Source records:
----

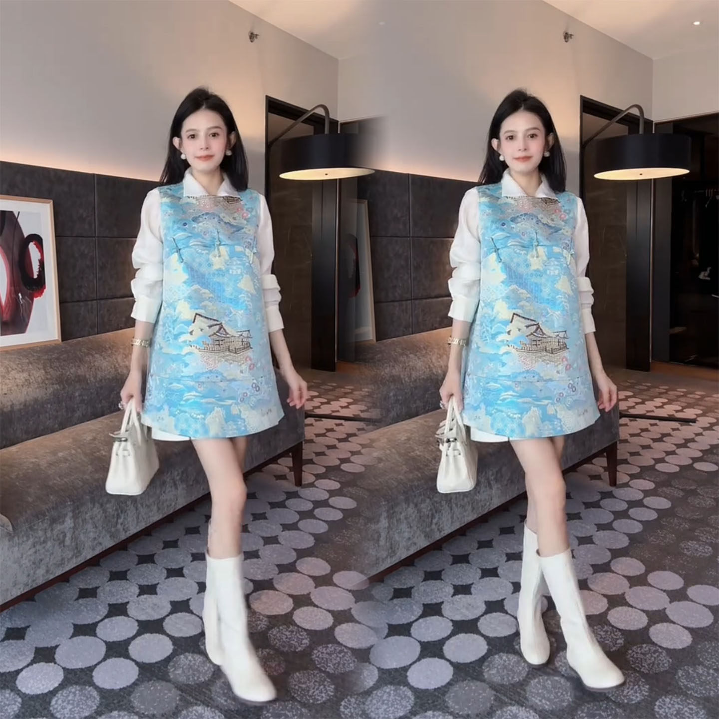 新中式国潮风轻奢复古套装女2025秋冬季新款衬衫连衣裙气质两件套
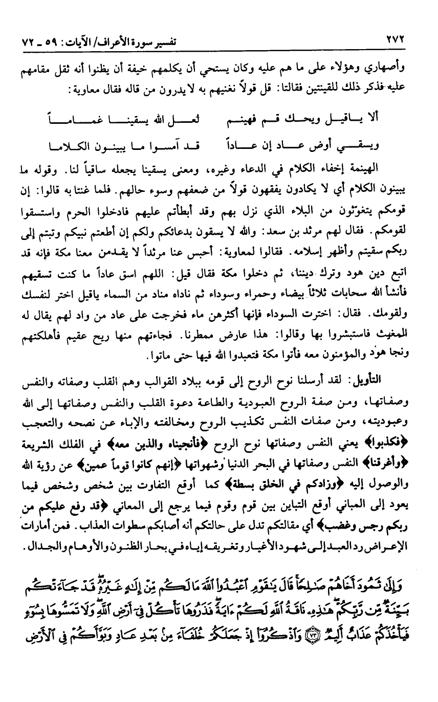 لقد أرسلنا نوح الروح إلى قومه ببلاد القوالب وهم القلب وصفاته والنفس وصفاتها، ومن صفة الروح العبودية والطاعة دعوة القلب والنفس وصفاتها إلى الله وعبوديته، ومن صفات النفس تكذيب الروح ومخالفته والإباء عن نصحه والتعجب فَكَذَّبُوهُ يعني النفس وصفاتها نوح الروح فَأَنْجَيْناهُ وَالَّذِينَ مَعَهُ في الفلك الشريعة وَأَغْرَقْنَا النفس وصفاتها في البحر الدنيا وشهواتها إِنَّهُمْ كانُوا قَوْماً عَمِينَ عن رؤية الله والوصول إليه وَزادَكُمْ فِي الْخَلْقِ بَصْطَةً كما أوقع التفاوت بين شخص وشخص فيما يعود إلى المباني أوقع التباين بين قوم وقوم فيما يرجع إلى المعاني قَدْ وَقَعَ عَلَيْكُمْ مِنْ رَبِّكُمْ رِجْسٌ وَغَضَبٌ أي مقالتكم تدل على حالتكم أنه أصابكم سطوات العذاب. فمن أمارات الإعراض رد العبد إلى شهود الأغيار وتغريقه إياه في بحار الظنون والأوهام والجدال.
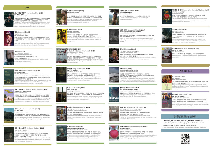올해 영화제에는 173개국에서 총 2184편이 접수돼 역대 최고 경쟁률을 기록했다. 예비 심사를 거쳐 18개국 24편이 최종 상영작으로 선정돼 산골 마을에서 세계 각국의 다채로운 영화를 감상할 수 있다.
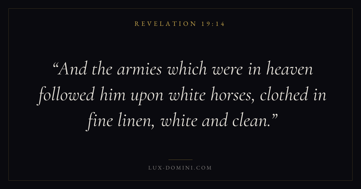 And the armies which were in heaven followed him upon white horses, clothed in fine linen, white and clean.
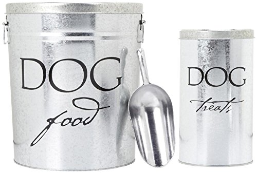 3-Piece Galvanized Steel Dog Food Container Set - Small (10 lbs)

----

- _Problem statement_: Restate every line above exactly, omitting images.

- _Result below_:
 新中式国潮风轻奢复古套装女2025秋冬季新款衬衫连衣裙气质两件套
 لقد أرسلنا نوح الروح إلى قومه ببلاد القوالب وهم القلب وصفاته والنفس وصفاتها، ومن صفة الروح العبودية والطاعة دعوة القلب والنفس وصفاتها إلى الله وعبوديته، ومن صفات النفس تكذيب الروح ومخالفته والإباء عن نصحه والتعجب فَكَذَّبُوهُ يعني النفس وصفاتها نوح الروح فَأَنْجَيْناهُ وَالَّذِينَ مَعَهُ في الفلك الشريعة وَأَغْرَقْنَا النفس وصفاتها في البحر الدنيا وشهواتها إِنَّهُمْ كانُوا قَوْماً عَمِينَ عن رؤية الله والوصول إليه وَزادَكُمْ فِي الْخَلْقِ بَصْطَةً كما أوقع التفاوت بين شخص وشخص فيما يعود إلى المباني أوقع التباين بين قوم وقوم فيما يرجع إلى المعاني قَدْ وَقَعَ عَلَيْكُمْ مِنْ رَبِّكُمْ رِجْسٌ وَغَضَبٌ أي مقالتكم تدل على حالتكم أنه أصابكم سطوات العذاب. فمن أمارات الإعراض رد العبد إلى شهود الأغيار وتغريقه إياه في بحار الظنون والأوهام والجدال.
올해 영화제에는 173개국에서 총 2184편이 접수돼 역대 최고 경쟁률을 기록했다. 예비 심사를 거쳐 18개국 24편이 최종 상영작으로 선정돼 산골 마을에서 세계 각국의 다채로운 영화를 감상할 수 있다.
 And the armies which were in heaven followed him upon white horses, clothed in fine linen, white and clean.
 3-Piece Galvanized Steel Dog Food Container Set - Small (10 lbs)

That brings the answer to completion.